Given the trepidations most studios still have about the cloud, Beirne admits there will always be some initial, instinctive mistrust from both clients and staff when you start moving any content away from computers that are not your own and you don’t control. “What made that first cloud solution work, and this is kind of goofy, is we used Aspera to move the data, even though it was between adjacent racks. But we took advantage of the high-bandwidth backbone to do it efficiently.”

Both TPW in New York and Technicolor in Los Angeles have since leveraged the cloud aggressively. “We our own cloud that we built, and big Technicolor has a very substantial purpose-built cloud, as well as Technicolor Pulse, their new storage-related production service in the cloud. They also use object storage and have some even newer technology that will be launching shortly.”

The caveat to moving any storage-related workflow into the cloud is thorough and continual testing, says Beirne. “Do I have more concern for my clients’ media in the cloud than I do when sending my own tax forms electronically? Yea, I probably do,” he says. “It’s a very, very high threshold that we need to pass. But that said, there’s quite a bit of low-impact support stuff that we can do on the cloud.

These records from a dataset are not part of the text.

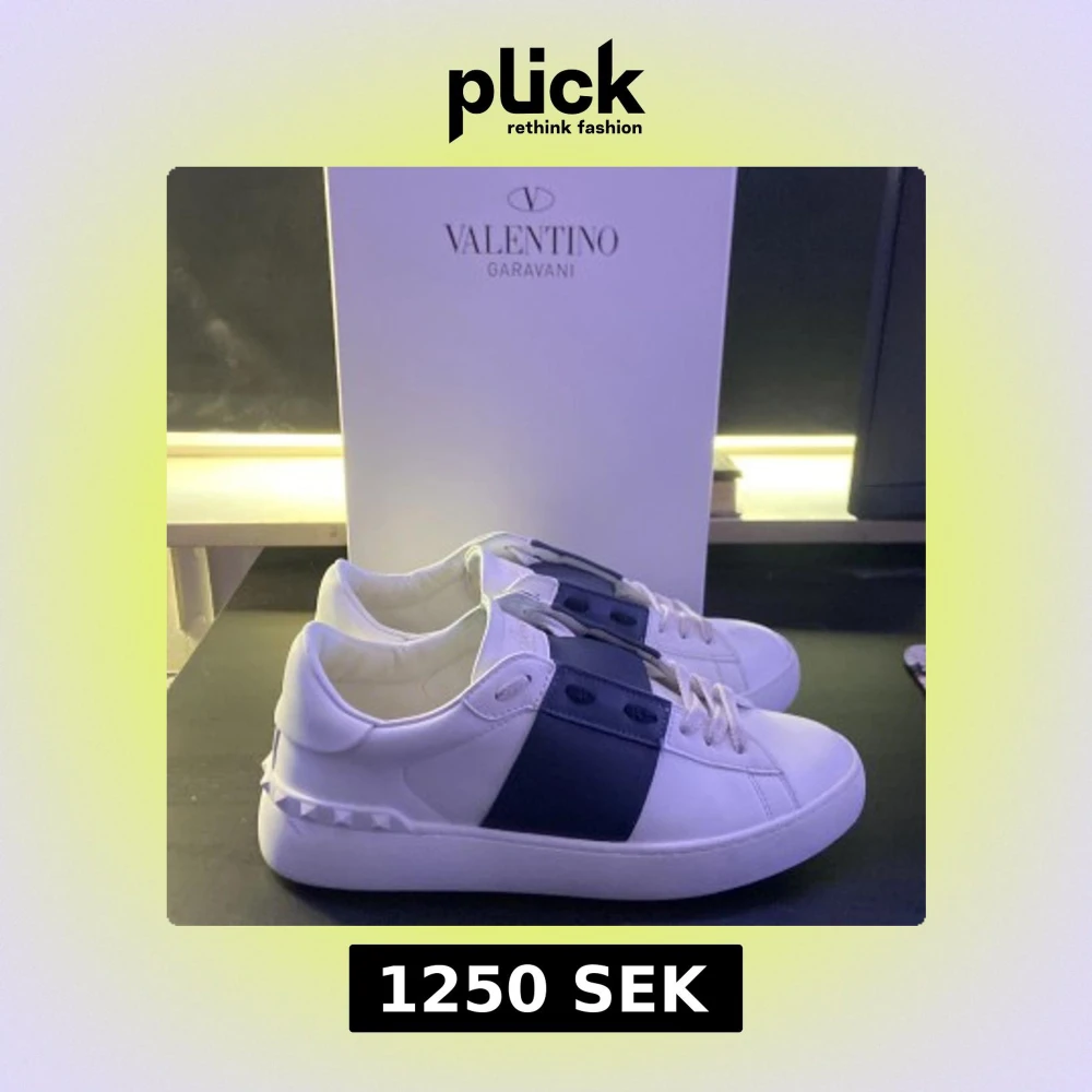 Snygga Valentino Garavani sneakers i vitt med en bred blå rem över ovansidan. Skorna har en stilren design med snörning och dekorativa nitar på hälen. Perfekta för en trendig look. Vet inte om de e riktig, därför säljer så billigt. Skriv gärna om ni har frågor! OBS: Box och dustbag medföljer!
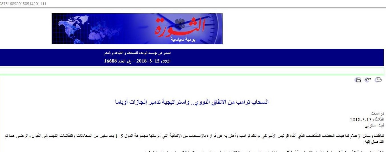 روزنامه الثورة سوریه مطلبی را با این عنوان منتشر کرد: "خروج ترامپ از توافق هستهای.. راهبرد تخریب دستاوردهای اوباما".
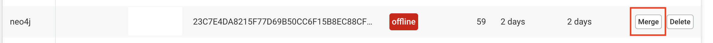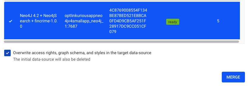 The data-source to be merged should be the old data-source now marked as offline because it has been replaced with the freshly generated data-source.
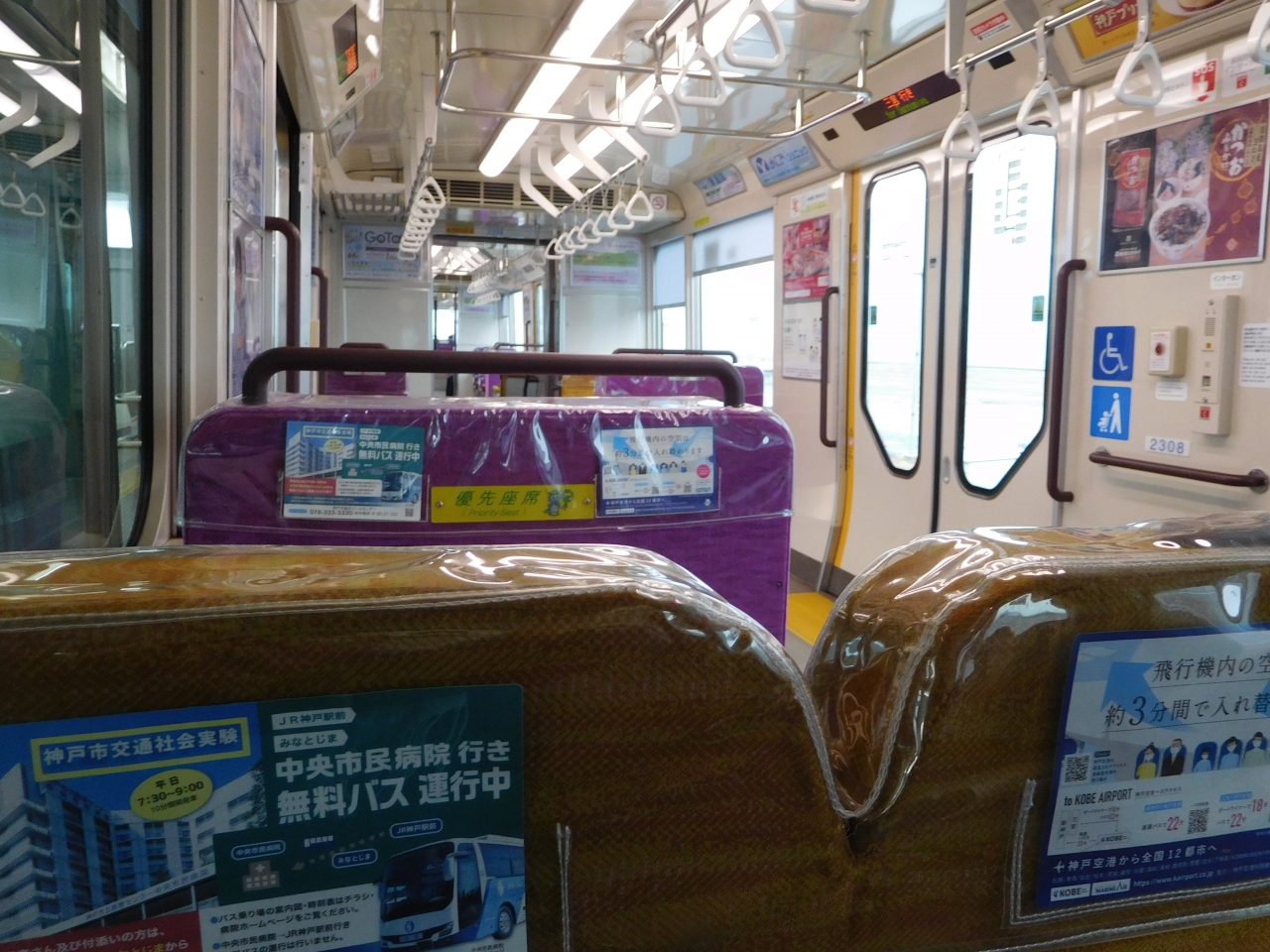 神戸市の市営地下鉄で、新神戸駅から県庁前駅までの2駅で利用しました。とてもシックな色使いの車両で、グリーン色の座席はすごくフワフワな印象でした。新神戸駅と三宮駅は乗降者がとても多かったのですが、県庁前駅を利用している人はあまりいなく、意外に感じました。

Review and approval stuff has been happening in the cloud for some time.” As a result, the facility has seen an increase, like everyone else, in virtual client sessions, like live color sessions and live mix sessions from city to city or continent to continent. “To do that, we usually have a closed circuit that we open between two facilities and have calibrated displays on either end. And, we also use PIX and other normal dailies systems.”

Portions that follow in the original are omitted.